In our time, we learned from the Kent and Jackson State killings, Watergate and Iran-Contra that there are only three justifiable ways to view governmental authority: skepticism, cynicism or contempt. From our own experience, we learned that it was easier to stop an ill-conceived war thousands of miles away than a local freeway that flattened historic African-American neighborhoods.

In the days and weeks to come, leading up to the Vigil Reunion symposium, you may have the opportunity to hear from Duke veterans of the Vigil, as well as of other marches and demonstrations, about how the ’60s shaped their lives. This is not to say that the ’60s experience meant a lifelong commitment for everyone.

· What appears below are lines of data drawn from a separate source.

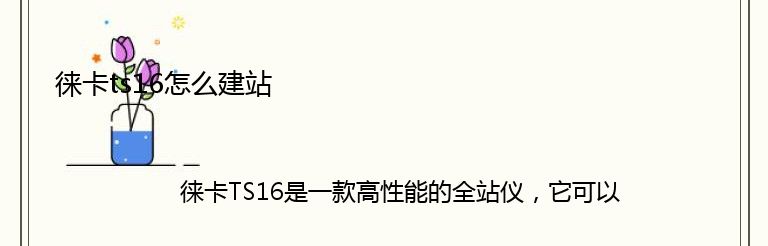 徕卡TS16是一款高性能的全站仪,它可以帮助用户快速、准确地进行测量和建站。如果您想使用徕卡TS16进行建站,以下是一些步骤和注意事项: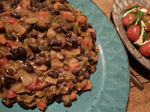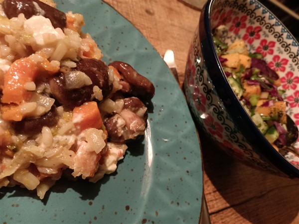 Zondag 18 januari: Half zeven. Ik loop een ronde hard langs het kanaal en buiten het centrum en het lukt goed. Thuis nog terug in bed. Pas om half tien staan we op. Koffie met De Vrouw. Nog wat puzzelen op de vakantiereis in juni. Meer koffie met De Vrouw. En nog wat meer puzzelen op de vakantiereis in juni. De Zoon is er om half een voor lunch. Afwasje en stofzuigen. Ik wandel een rondje langs het kanaal. Vier uur is er de zondagmiddagluistersessie met de Duitsche vrienden (MaidaVale). Erna maak ik avondeten. Eerst een salade van bosui, koolrabi, rode kool, komkommer en kaki. Vervolgens een risotto met ui, groene kool, zoete aardappel en feta. Ondertussen warm ik voor De Vrouw het restant groenekoolschotel van gisteren en eergisteren op. Ten slotte bak ik – ook voor De Vrouw – steak bavette. We eten alles op. Natafelen. Afwas en afval. Krant. Webstek. Lezen. Muziek vandaag: The Affirmative: The Yes Solo Family Album (allerlei), Rimfaxe (Gallarhorn)
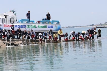 [제주교통복지신문 김강석 기자] 전남 무안군은 지난 5월 31일 수산자원 조성사업을 위해 현경면 홀통항, 월두항을 비롯한 청계면 구로항 등 3개소에 고부가가치 어종인 감성돔 종자 28만 3천 마리와 점농어 종자 14만 4천 마리를 방류했다.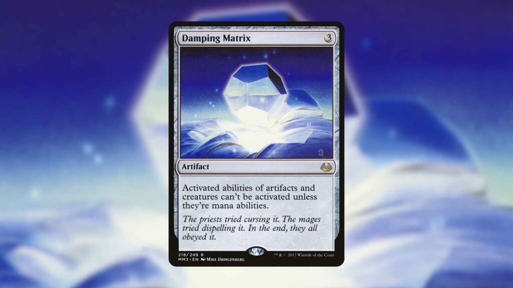 Damping Matrix is also capable of turning off activated abilities of creatures, affecting popular Commanders like Krenko, Mob Boss, Yuriko, the Tiger’s Shadow and Kenrith, Returned King. Of course, this will also affect your own cards, which means this $0.50 artifact won’t fit in every Commander deck.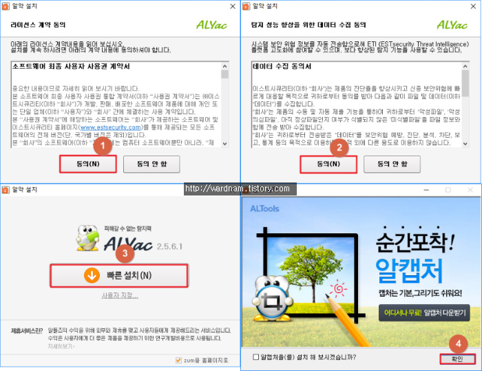 ▲ 순서대로 동의한 후 확인하면 설치가 완료된다.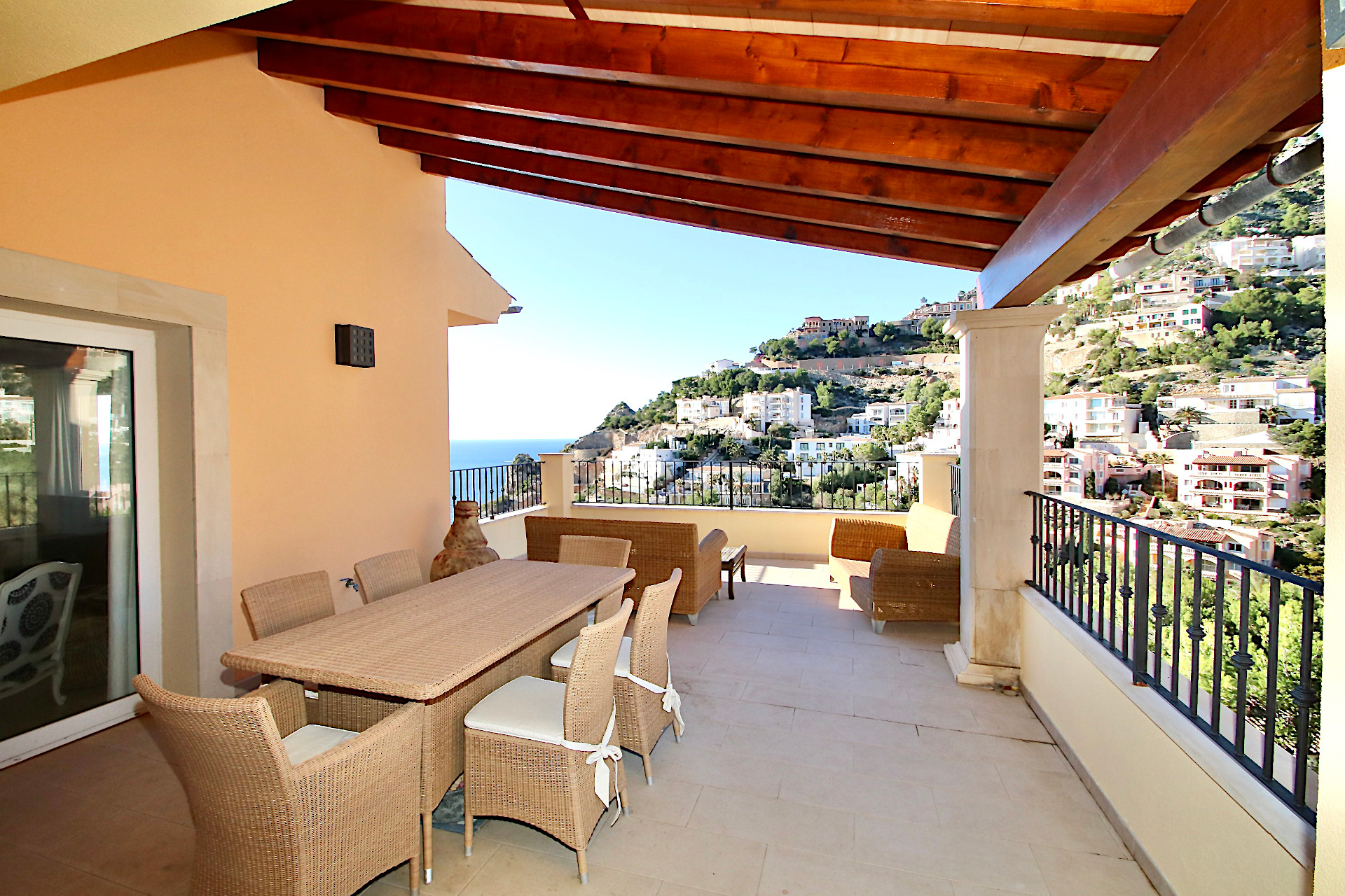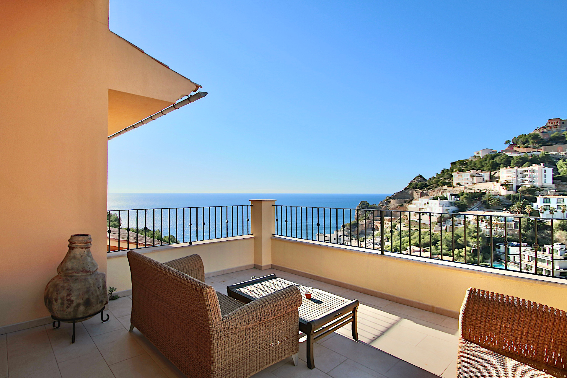 This spacious penthouse is located in a small complex built in 2009. The complex is characterized by its wonderful sunset location and has 2 pool areas. The community is located just a few hundred meters from the marina of Port Andratx. The golf course “Golf de Andratx” or the beach in Camp de Mar are approx. 7 minutes away by car, Palma de Mallorca approx. 35 minutes and the airport approx. 45 minutes.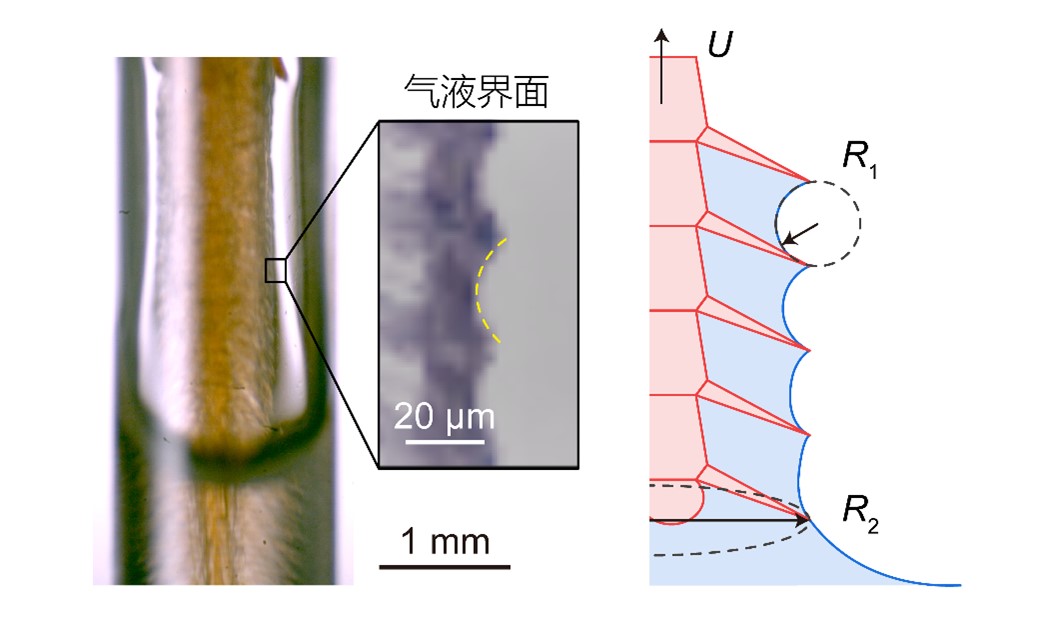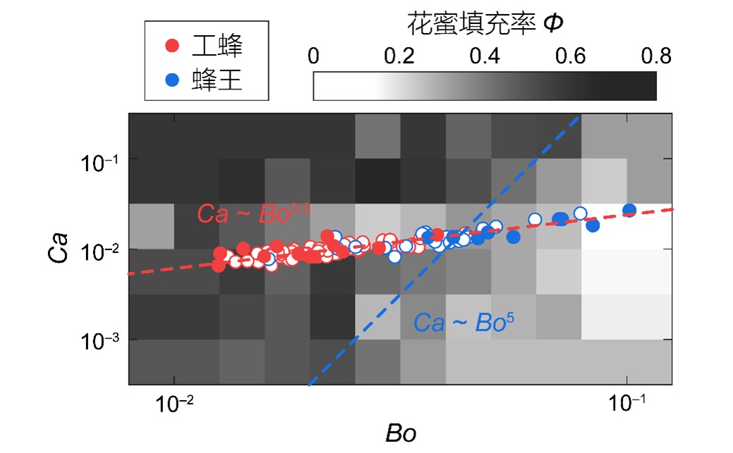 研究团队基于显微高速成像技术发现,中唇舌回撤时,相邻刚毛形成弯曲的气液界面,这些界面提供了一个额外的毛细压力梯度,增强了粘性花蜜的夹带。这个额外的毛细压力用来平衡液体静压,当刚毛间距变宽或中唇舌长度变长,都会导致中唇舌的液体承载能力下降。除了液体的表面张力,液体的粘度也对花蜜的捕获起到了作用。研究通过引入两个无量纲数:邦德数和毛细数,可以衡量这一液体输运过程中重力、毛细力、粘性力的相互作用。为了使花蜜尽可能多的填充满中唇舌的可用空间,系统应该工作在低邦德数,高毛细数的区域。为了维持较高的花蜜填充率,邦德数和毛细数应该满足特殊的标度关系。然而由于中唇舌结构的生长限制,自然环境下当熊蜂体型增大时,熊蜂口器无法满足最优的标度关系,重力将起主导作用,从而降低花蜜的填充率。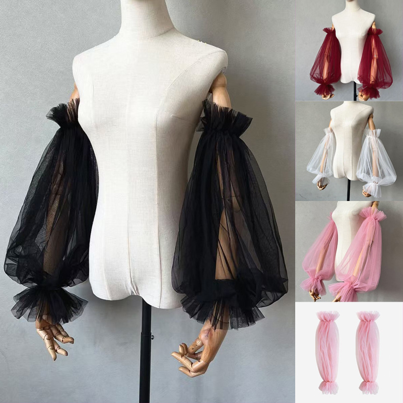 批发婚纱礼服手套袖子百褶长网纱造型森系摄影 影楼写真服饰拍照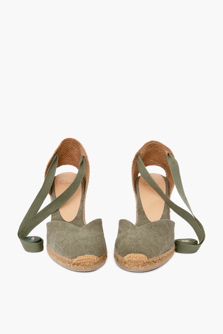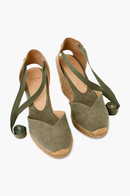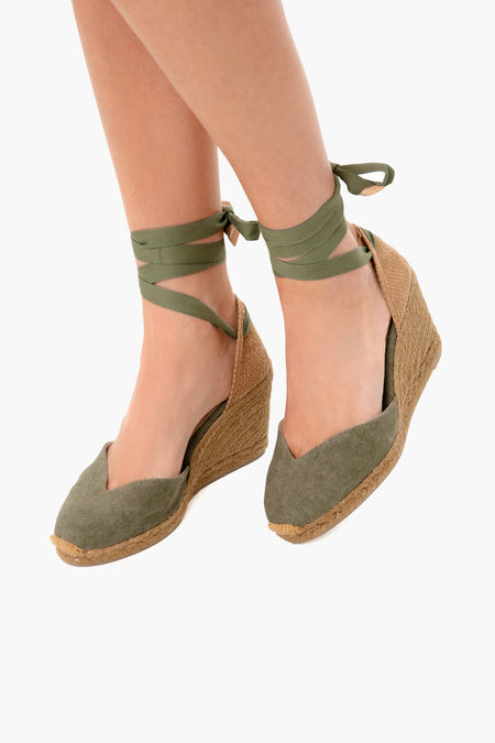 Made in a neutral olive hue, the Chiara Espadrille features a thin wrap-around strap that adds a delicate twist. From date night to dinner al fresco, you will keep reaching for these comfy heels.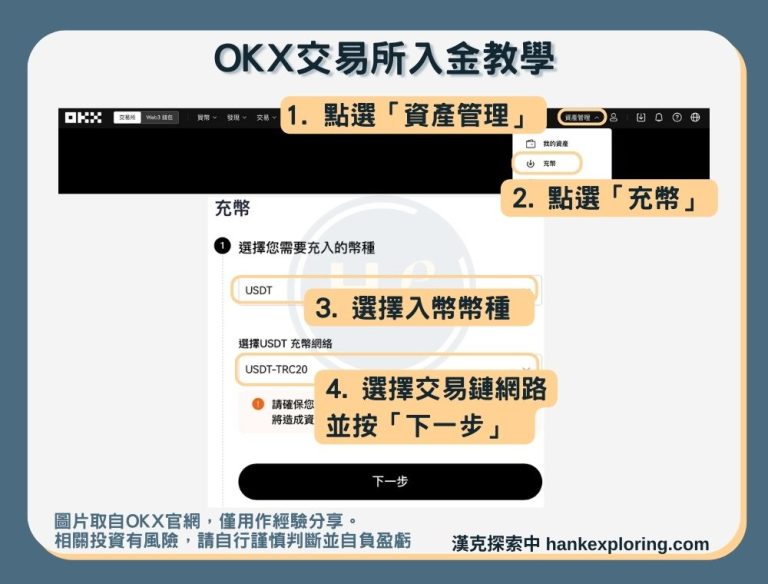 OKX交易所開戶後,接著就是要學會如何把資金放入OKX、用USDT買下人生第一顆BTC、以及如何把賺取的資金取出來!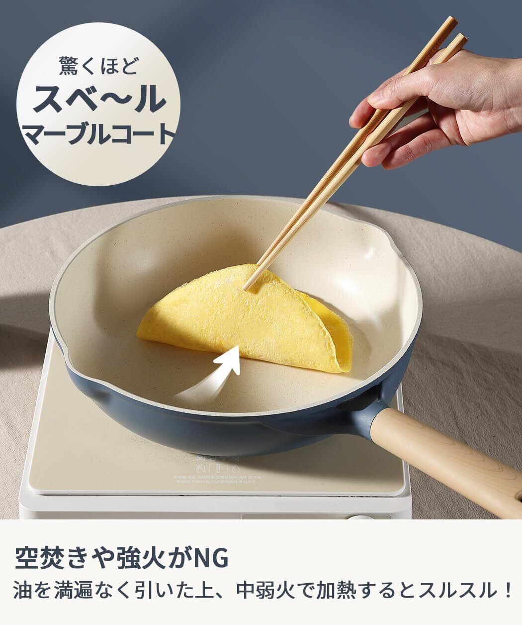 【快適な調理体験】内面がマーブルコートをしているため、焦げ付きにくくスムーズに調理できます。調理後もスポンジで軽く拭くだけで、汚れもスルッと落ちます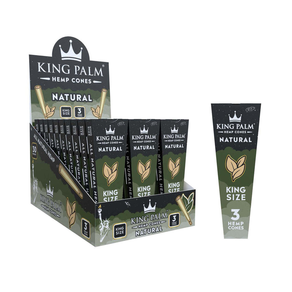 King Palm Hemp Cones are pre-rolled cones with a filter tip that features a flavor bead that gets popped to activate the flavor. These are king size cones made of natural hemp paper with a paper filter tip that has a flavor pearl tucked inside. Natural fruit terpenes are infused in the flavor pearl. Three cones come in each pack, and each display includes 30 boxes.
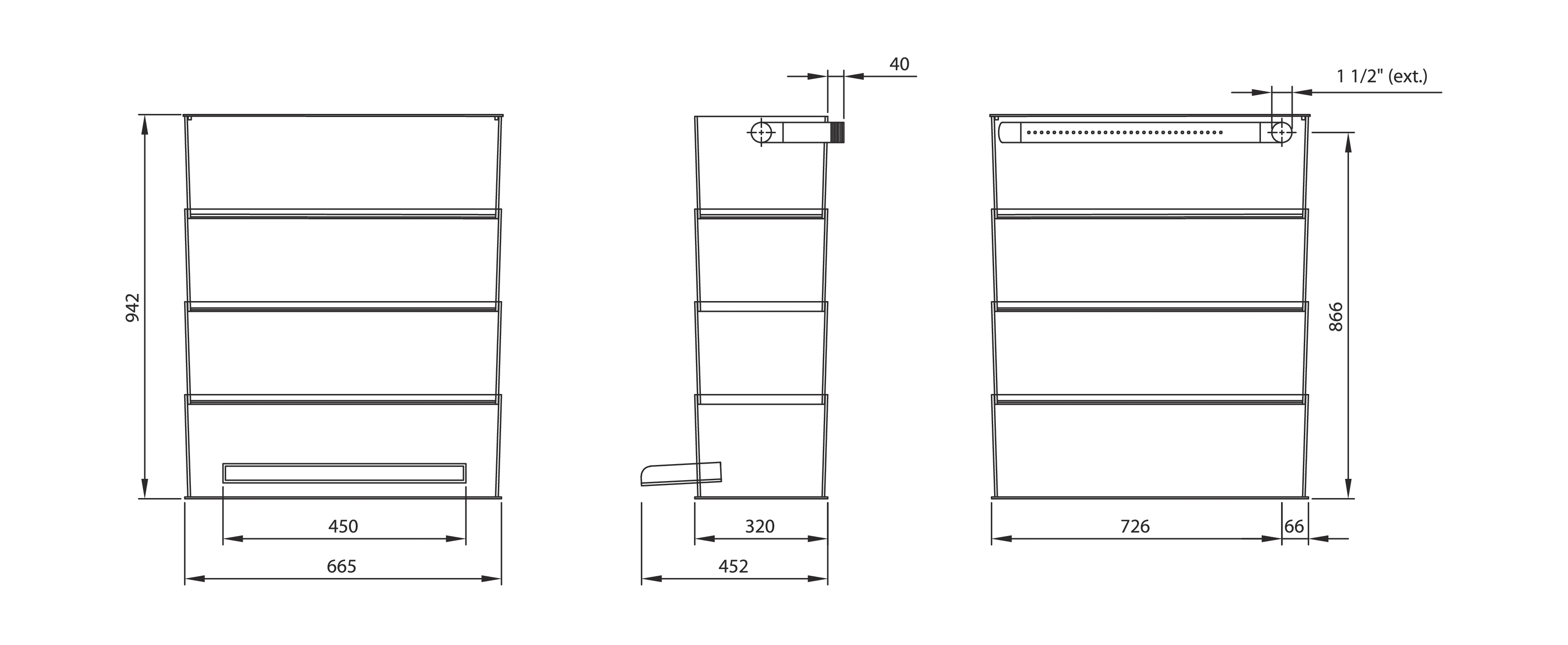 Dimensions: L x W x H 665 x 452 (500 with lip) x 942 mm

Over the past half-century some of us have burned out, sold out, trimmed our sails—or, alas, to mix another metaphor—even turned our coats.

Like many of you, many of us stepped out on Marches for Our Lives around the country on March 24, led by the students at Marjory Stoneman Douglas High School in Parkland, Fla. They’re teaching us all a lesson about not giving up against seemingly insurmountable foes such as the NRA. That reinforces another lesson we’ve learned along the way: Struggle continues and evolves, even in what seem like fallow or quiescent periods of history.

Thus, like others of my fellow travelers, I was prouder of the pioneering Duke Student Anti-Sweatshop Labor Movement of the late 1990s than I was of any national championship. And I never felt more invigorated than when I laced up my old marching shoes in 2011 and joined my local Occupy movement, led by young people chanting: “Stand up! Fight back! This is what Democracy looks like!” Or, watching from afar, as members of the Duke community, including area alumni, participated in Moral Mondays in Raleigh, demonstrating the enduring power of bearing witness. And sometimes, as Durham’s recent mayoral election will no doubt demonstrate, political insurgencies can yield incremental change. Similarly, so can the battlefield of the courtroom.

Although there may be a bit of reminiscing, our intention is for the Duke Vigil Reunion symposium to be more about mobilization than nostalgia. We hope the performances, panels and workshops—along with the Reverend William Turner Jr.’s Chapel sermon on Sunday—will provide you with a useful road map to continued activism. One of our rallying cries was, “Dare to struggle, dare to win.” Even when we lose in the short run, as we often have, we know that there is joy in struggle.

So, here is my geezer message to you: No generation—certainly not mine—has a monopoly on righteousness or sparking social change. You can be more than we were. You can have a greater impact on this nation. History is happening to you now, calling you to action. It’s your turn. A Caligula is in the White House, denying climate change and implementing a draconian refugee and immigration policy. He’s enabled, if not egged on by the hooded wing of the Republican Party, exercising a stranglehold on Congress and Sunbelt state legislatures. The latter is brought to you by the real deep state: organizational thugs such as the NRA, the Koch brothers and ALEC.

There is much for all of us to do, together. 

Journalist Mark I. Pinsky (Trinity ’70) is the author of seven nonfiction books, including Met Her on the Mountain: A Forty-Year Quest to Solve the Appalachian Cold-Case Murder of Nancy Morgan, which begins on the third floor of Flowers Building, where he once wrote a regular Chronicle column called “The Readable Radical.”